UsuńZnachor jest cudowny. Seksmisje i Kogel mogel tez lubie. Poza tym Chłopaki nie płaczą, Poranek Kojot. Poza tym Tato mi się też podobało z Polskich. Z zagranicznych staroci Dirty Dancing tylko przychodzi mi do głowy
OdpowiedzUsuńTe polskie komedie które wymieniłaś też lubię, ale są nowsze niż obejmowało to zestawienie. Tato też jest nowszy, ale tez mi się podobał :)
UsuńNie są takie bardzo stare, ale najmłodsze też nie...mowa oczywiście o filmach z okresu świetności np. Eddyy'ego Murphy :) "Książę w Nowym Jorku", "Gliniarz z Beverly Hills" (wszystkie części) czy "Złote Dziecko" :)
OdpowiedzUsuńZłotego dziecka nie widziałam. Księcia w Nowym Jorku lubię, zwłaszcza końcówkę jak już przyjeżdżają rodzice księcia. Glniarza z BH na pewno widziałam, ale nawet go nie pamiętam, więc nie zrobił na mnie wrażenia.
UsuńA Ty chyba lubisz Eddiego Murphy :)
dla mnie znachor jest zawsze the best:)
OdpowiedzUsuńMuszę jeszcze książkę przeczytać, stoi chyba gdzieś u Mamci na półce :)
UsuńBardzo lubię wszystkie te filmy, no może poza Misiem, on nigdy jakoś mi się nie podobał :)
OdpowiedzUsuńJa Misia uwielbiam, za to nie potrafię się przekonać do Rejsu :)
UsuńSeksmisję, Misia i Kogel-Mogel widziałam. Z tych starych filmów podobały mi się: "Nie lubię poniedziałku", "Poszukiwany, poszukiwana" (i niezawodna Marysia :D), "Jak rozpętałem II wojnę światową" (wszystkie części):) Z tych bardziej "nowszych" polecam "Dzień świra" (czy ktoś tego jeszcze nie zna? :P) i "Czas surferów".
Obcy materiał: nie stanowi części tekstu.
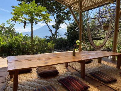 You are welcome to join us for a meal even if you’re not staying on the property! The price for a drop-in breakfast is 60Q, lunch / dinner is 80Q and includes a delicious meal and drinks – such as water (all day) tea & coffee (breakfast) or juice ( lunch only), herbal tea (dinner).
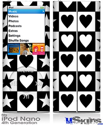 iPod Nano 4G Skin - Hearts And Stars Black and White

OdpowiedzUsuńNie widziałam Czasu surferów :) A te stare polskie komedie są fantastyczne. Zawartość cukru w cukrze zawsze mnie rozśmiesza :)
UsuńMuszę obejrzeć "Przeminęło z wiatrem", widziałam kiedyś fragment i bardzo mi się spodobał. Ale aktualnie jeste przy drugiej części "Ojca Chrzestnego" i nie mam czasu obejrzeć go do końca :p Stare polskie komedie to klasyka, uwielbiam je :)
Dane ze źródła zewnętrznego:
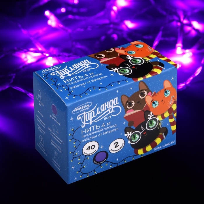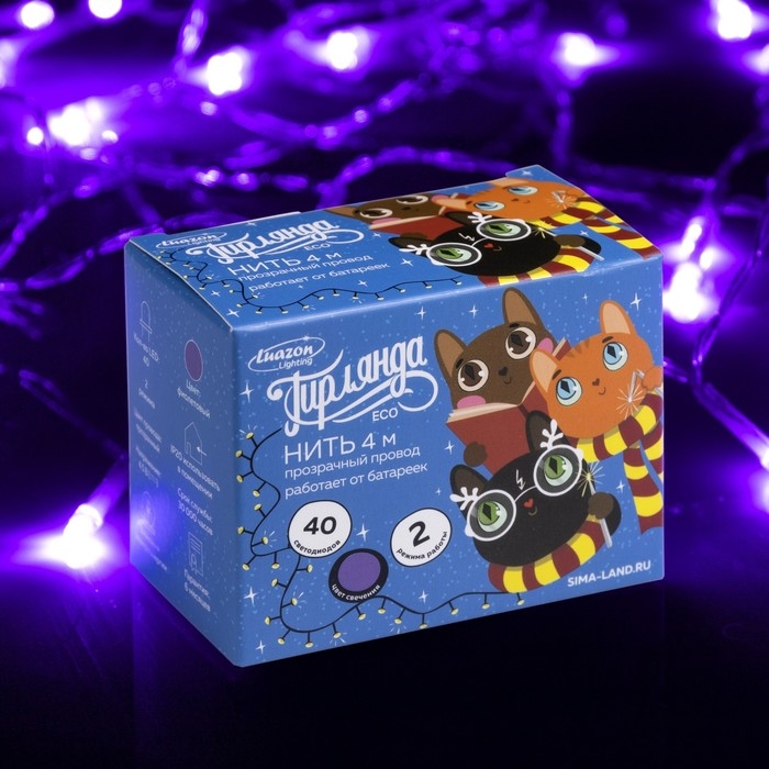 Гирлянда «Нить» 4 м, IP20, прозрачная нить, 40 LED, 2 режима, батарейки AAх3 (нет в комплекте) , свечение фиолетовое
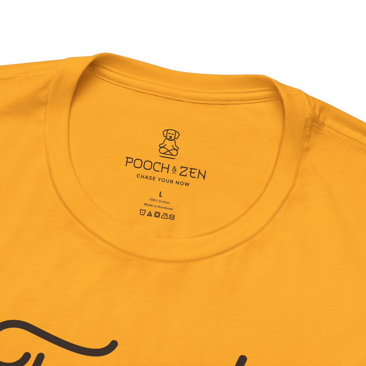 You won't have to worry about annoying tags rubbing the back of your neck. The inside of the tee features the Pooch & Zen logo and that's it. Minimal and cozy.

OdpowiedzUsuńPrzeminęło z wiatrem - koniecznie! Ja obejrzałam pierwszego Ojca chrzestnego, do drugiego nie potrafię się zabrać :)
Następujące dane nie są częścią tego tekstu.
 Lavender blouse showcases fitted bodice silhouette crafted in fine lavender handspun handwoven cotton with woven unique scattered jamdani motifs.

Usuń28 year old Tax Accountant Inez Brosh, hailing from Longueuil enjoys watching movies like "See Here, Private Hargrove" and Astronomy. Took a trip to The Four Lifts on the Canal du Centre and drives a Ferrari 250 Testa Rossa. kliknij tutaj, aby uzyskac wiecej informacji
OdpowiedzUsuńSeksmisja to klasyka sama w sobie. Ja bym tutaj jeszcze dodała Dzień Świra. To był dopiero dobry film. Dobrze jest sobie czasem przypomnieć takie klasyki z młodości.